Calculate the molality of 1M solution of sodium nitrate. The Density of the solution is 1.25g/ml.

Given,
Molarity of the solution = 1 M
Density of the solution   = 1.25 g/mL
Mass of NaNO3 in 1L of the solution = 1 x 65 = 65 g
Mass of 1 L of the solution = 1000 x 1.25
= 1270 g
Thus,
Mass of water in the solution = 1250 - 65
= 1185 g
Hence,
Molality = Number of moles of solute / Mass of solvent in kg
= 1 / 1.185 = 0.844 m

• -5

refer to the last solved example of ncert chapter 1

• -8

given,molality of 1M and the density of sodium nitrate is 1.25 g/ml

we know that molarity=moles of solute/volume of solution in litre

molarity=1M , then density=mass/volume

mass of sodium nitrate =23*2+14+16*3=108

1.25 =108/volume of solution in liter

volumeof solutionin litre =108/1.25

= 86.4litre

moles of solute=86.4

m(molarity)           =86.4/86.5

=1m

• -10

M = no. of moles of solute / vol .of solution (L)

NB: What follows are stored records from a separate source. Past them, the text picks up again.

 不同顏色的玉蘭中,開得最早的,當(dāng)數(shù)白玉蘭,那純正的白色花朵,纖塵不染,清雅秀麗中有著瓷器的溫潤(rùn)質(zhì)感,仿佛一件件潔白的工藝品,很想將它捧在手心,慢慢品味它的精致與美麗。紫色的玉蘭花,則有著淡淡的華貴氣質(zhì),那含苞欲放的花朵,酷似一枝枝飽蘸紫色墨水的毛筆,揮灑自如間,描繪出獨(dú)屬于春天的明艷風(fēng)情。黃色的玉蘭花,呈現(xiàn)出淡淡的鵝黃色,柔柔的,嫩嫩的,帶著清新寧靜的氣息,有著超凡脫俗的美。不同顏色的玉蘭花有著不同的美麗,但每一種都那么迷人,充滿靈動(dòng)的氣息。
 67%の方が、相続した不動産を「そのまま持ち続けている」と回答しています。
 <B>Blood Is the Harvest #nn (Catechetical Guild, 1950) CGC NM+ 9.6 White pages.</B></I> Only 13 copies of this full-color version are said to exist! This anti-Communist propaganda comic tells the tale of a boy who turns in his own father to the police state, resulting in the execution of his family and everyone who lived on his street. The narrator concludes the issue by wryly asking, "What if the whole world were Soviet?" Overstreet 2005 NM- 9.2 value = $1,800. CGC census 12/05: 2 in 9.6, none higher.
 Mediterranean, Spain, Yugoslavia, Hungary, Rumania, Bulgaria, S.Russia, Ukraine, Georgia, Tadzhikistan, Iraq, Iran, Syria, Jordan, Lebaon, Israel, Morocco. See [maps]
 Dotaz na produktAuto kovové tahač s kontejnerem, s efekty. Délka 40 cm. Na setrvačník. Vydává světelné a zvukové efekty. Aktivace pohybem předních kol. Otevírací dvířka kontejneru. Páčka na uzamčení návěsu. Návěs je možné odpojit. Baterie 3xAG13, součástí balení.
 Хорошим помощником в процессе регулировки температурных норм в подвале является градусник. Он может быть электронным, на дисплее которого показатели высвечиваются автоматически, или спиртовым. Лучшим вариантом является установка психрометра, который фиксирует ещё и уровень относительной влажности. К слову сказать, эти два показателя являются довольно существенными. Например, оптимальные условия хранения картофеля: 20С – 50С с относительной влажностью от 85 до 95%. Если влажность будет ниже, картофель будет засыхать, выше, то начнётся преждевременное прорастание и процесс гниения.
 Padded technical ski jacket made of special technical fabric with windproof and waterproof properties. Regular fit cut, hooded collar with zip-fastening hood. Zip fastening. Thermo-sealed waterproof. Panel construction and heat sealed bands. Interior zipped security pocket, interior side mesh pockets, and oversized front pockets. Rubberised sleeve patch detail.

m = no. of moles of solute / Wt. of solvent (Kg)

1M sodium nitrate solution contains 85 g of sodium nitrate salt (23+14+48)

From the density it is well known that 1 L of solution  weight is 1250 g

so wt. of water present = 1250-85 = 1165 g = 1.165 Kg

Hence the molality = 1/1.165 = 0.858

• 64

thanx guyz!!!!!!!!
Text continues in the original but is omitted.